*** Opening Data in this exercise ***

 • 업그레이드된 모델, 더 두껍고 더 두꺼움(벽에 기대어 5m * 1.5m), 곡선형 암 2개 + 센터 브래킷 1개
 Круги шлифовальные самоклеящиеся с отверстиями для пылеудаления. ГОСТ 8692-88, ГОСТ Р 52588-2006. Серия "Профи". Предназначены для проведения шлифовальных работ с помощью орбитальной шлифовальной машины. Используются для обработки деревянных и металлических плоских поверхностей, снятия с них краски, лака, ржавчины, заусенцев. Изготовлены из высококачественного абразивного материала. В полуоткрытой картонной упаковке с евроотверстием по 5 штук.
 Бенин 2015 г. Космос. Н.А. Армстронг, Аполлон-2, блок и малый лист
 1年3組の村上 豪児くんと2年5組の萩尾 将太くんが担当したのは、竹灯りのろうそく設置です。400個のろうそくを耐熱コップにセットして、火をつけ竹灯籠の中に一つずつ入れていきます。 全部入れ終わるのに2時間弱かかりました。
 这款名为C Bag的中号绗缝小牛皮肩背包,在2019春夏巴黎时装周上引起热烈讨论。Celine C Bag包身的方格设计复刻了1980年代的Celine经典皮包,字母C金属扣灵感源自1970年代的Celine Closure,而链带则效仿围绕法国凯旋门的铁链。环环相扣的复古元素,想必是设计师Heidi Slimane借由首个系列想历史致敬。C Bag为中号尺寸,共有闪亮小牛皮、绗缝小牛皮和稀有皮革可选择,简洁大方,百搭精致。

*** Closing Data in this exercise ***

What you have to do –
Beginning from the line that contains "Круги шлифовальные самоклеящиеся", give each line again exactly, through the final line of the records.

Result of this exercise –
 Круги шлифовальные самоклеящиеся с отверстиями для пылеудаления. ГОСТ 8692-88, ГОСТ Р 52588-2006. Серия "Профи". Предназначены для проведения шлифовальных работ с помощью орбитальной шлифовальной машины. Используются для обработки деревянных и металлических плоских поверхностей, снятия с них краски, лака, ржавчины, заусенцев. Изготовлены из высококачественного абразивного материала. В полуоткрытой картонной упаковке с евроотверстием по 5 штук.
 Бенин 2015 г. Космос. Н.А. Армстронг, Аполлон-2, блок и малый лист
 1年3組の村上 豪児くんと2年5組の萩尾 将太くんが担当したのは、竹灯りのろうそく設置です。400個のろうそくを耐熱コップにセットして、火をつけ竹灯籠の中に一つずつ入れていきます。 全部入れ終わるのに2時間弱かかりました。
 这款名为C Bag的中号绗缝小牛皮肩背包,在2019春夏巴黎时装周上引起热烈讨论。Celine C Bag包身的方格设计复刻了1980年代的Celine经典皮包,字母C金属扣灵感源自1970年代的Celine Closure,而链带则效仿围绕法国凯旋门的铁链。环环相扣的复古元素,想必是设计师Heidi Slimane借由首个系列想历史致敬。C Bag为中号尺寸,共有闪亮小牛皮、绗缝小牛皮和稀有皮革可选择,简洁大方,百搭精致。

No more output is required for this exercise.